This background section is provided for the purpose of generally describing the context of the disclosure. Work of the presently named inventor(s), to the extent the work is described in this background section, as well as aspects of the description that may not otherwise qualify as prior art at the time of filing, are neither expressly nor impliedly admitted as prior art against the present disclosure.
To meet the demands of conducting business professionally in a mobile environment, mobile professionals seek out premium headsets with sophisticated functions such as microphone mute, volume, answer/end call, and even voice commands to help manage the quality of their communications. User interfaces to control these functions typically require physical buttons or a list of voice commands that the wearer can speak, usually stored in the firmware of the headset.
The lack of a visual user interface for these functions while wearing the headset causes anxiety to the user. Users become uncertain of the microphone mute status of the call, or miss critical information when on a call in loud environments, because they can't find the buttons to change call volume in the headset.

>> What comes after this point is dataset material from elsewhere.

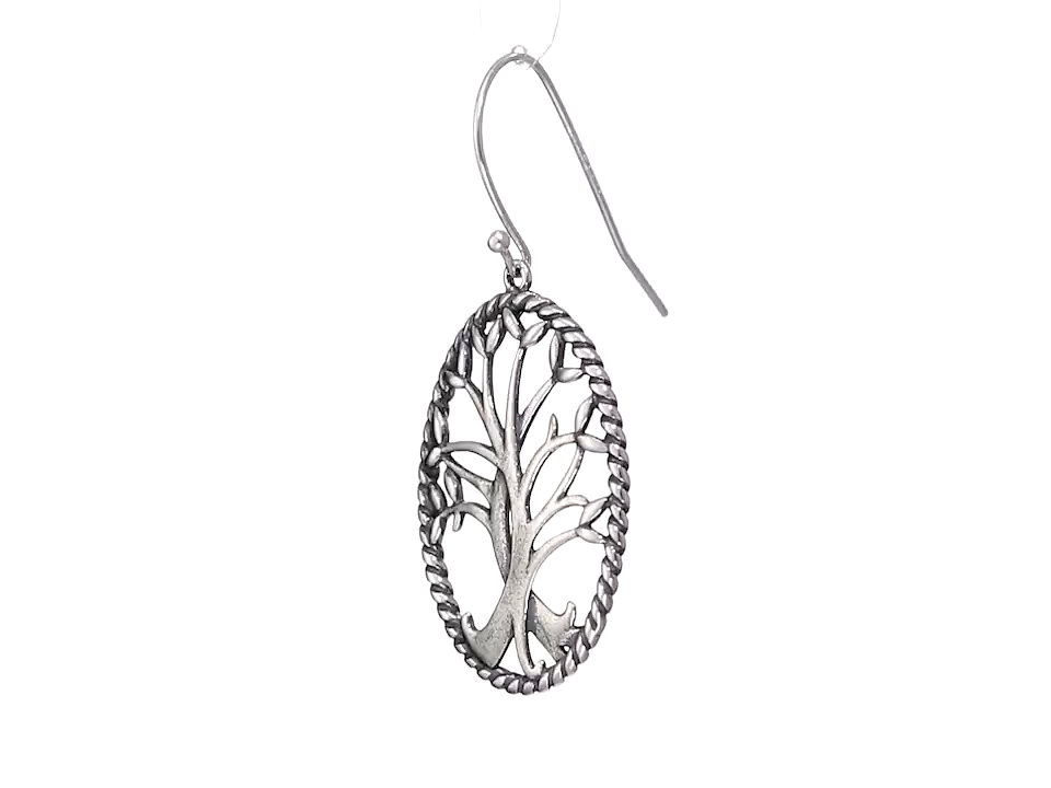 Sterling Silver Oxidized Celtic Tree of Life Oval Dangle Earrings

Previous solutions fall into two categories of call control interfaces. With a physical headset user interface, buttons on the headset itself control the microphone mute status of a call, volume of the call, redial, call answer/end ability, and the like. With a PC/Mobile graphical user interface, voice controls stored in the headset firmware allow hands-free voice control including but not limited to pairing the device, answering/ending a call, recognizing and calling a stored contact by name, querying what other voice commands are available with “what can I say?” and the like. Selectable icons to control the call status (microphone mute, volume, answer/end) are typically found in the user interface of softphone clients or in the telephony client of a mobile device/PC.